少子化にたいする与党の政治家の浅い発言

 子どもを三人くらい産んでほしい。結婚式で、自由民主党の議員は新郎新婦にそう言ったという。

 野党の議員は、別の自民党の議員が、エレベーターの中でこう言っていたのを耳にしたという。ほんとうのことを言えば、三人ではなくて一〇人は産んでほしい。

 子どもが産まれる数が少なくなれば、人口は減って行く。人口が減るのは国としてはまずいので、できるだけ多く産まれることをのぞむ。そのさいに、ただ産んでほしいということを国会議員が言っても、具体の策になっているとは言いがたい。

 子どもが産まれる数が減っているのには、それを引きおこす複数の要因があるはずだ。それを探って行くことがいる。主となる要因に手だてを打つようにすることがいる。

 直接の手だてとは別に、間接として、それぞれの人が生きて行きやすい社会にすることは有効だ。政治への根強い不信感がぬぐえず、これから先の超少子高齢の社会にたいする不安感は小さくない。権力をもつ政治家や高級な役人によるカタリ(騙り)が横行している。

 政治が無責任体制となっていて、国民のめんどうをしっかりと見る気が薄い。こうした中では、それぞれの人が生きて行きやすい社会になっているとはとうてい言えるものではないだろう。温かい社会的包摂ではなく、冷たい社会的排除の動きがおきている。

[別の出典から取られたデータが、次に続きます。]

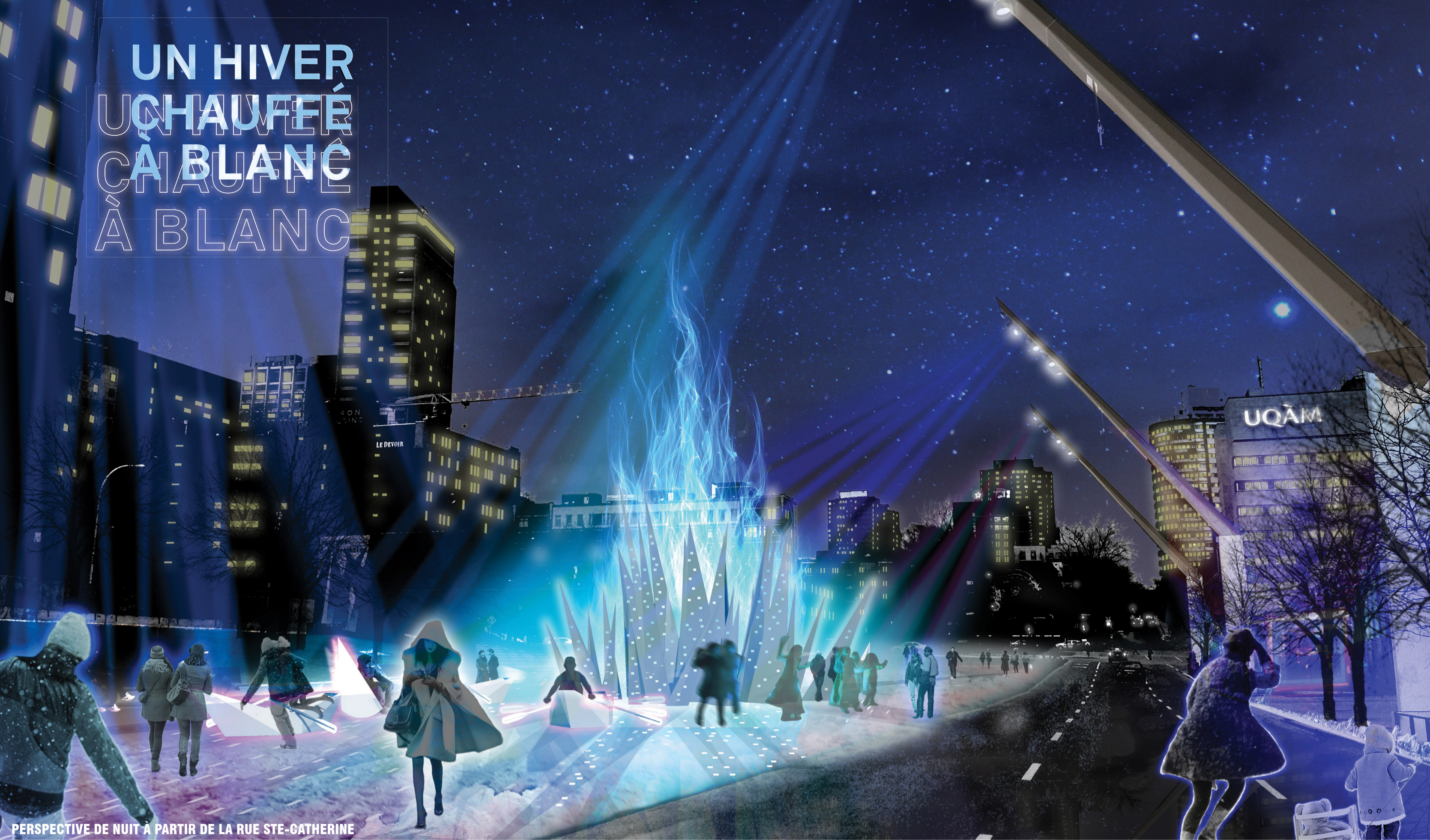
PERSPECTIVE DE NUIT À PARTIR DE LA RUE STE-CATHERINE

 強い者が力にものを言わせて、弱い者をしいたげる。すべての強い者がそうだというのではないが、そうしたことを許す社会のあり方になっているから、そこを改めることは急務だ。弱い者をしいたげるパワー・ハラスメントやモラル・ハラスメントなどがさまざまなところで多発していて、劣悪なあり方になっているのだ。

 劣悪なあり方を改めるには、差別や排除につながるようなよくない価値観や考え方を変えることがいる。そうした価値観や考え方は、社会の中にあるものだ。生活に困っていたり苦しんでいたりする人が社会の中に少なからずいるということは、その背景には少数者を悪玉化するようなよくない価値観や考え方が社会の中にあることを示す。

 排除や犠牲や抑圧や搾取から、包摂によるあり方にすることが、めぐりめぐって間接として少子化を何とかするための手だてにつながることが見こめる。少子化や高齢化とともに、その他でも持続性や連続性が失われていて、富や財を先食いしてしまっているのは見のがせない。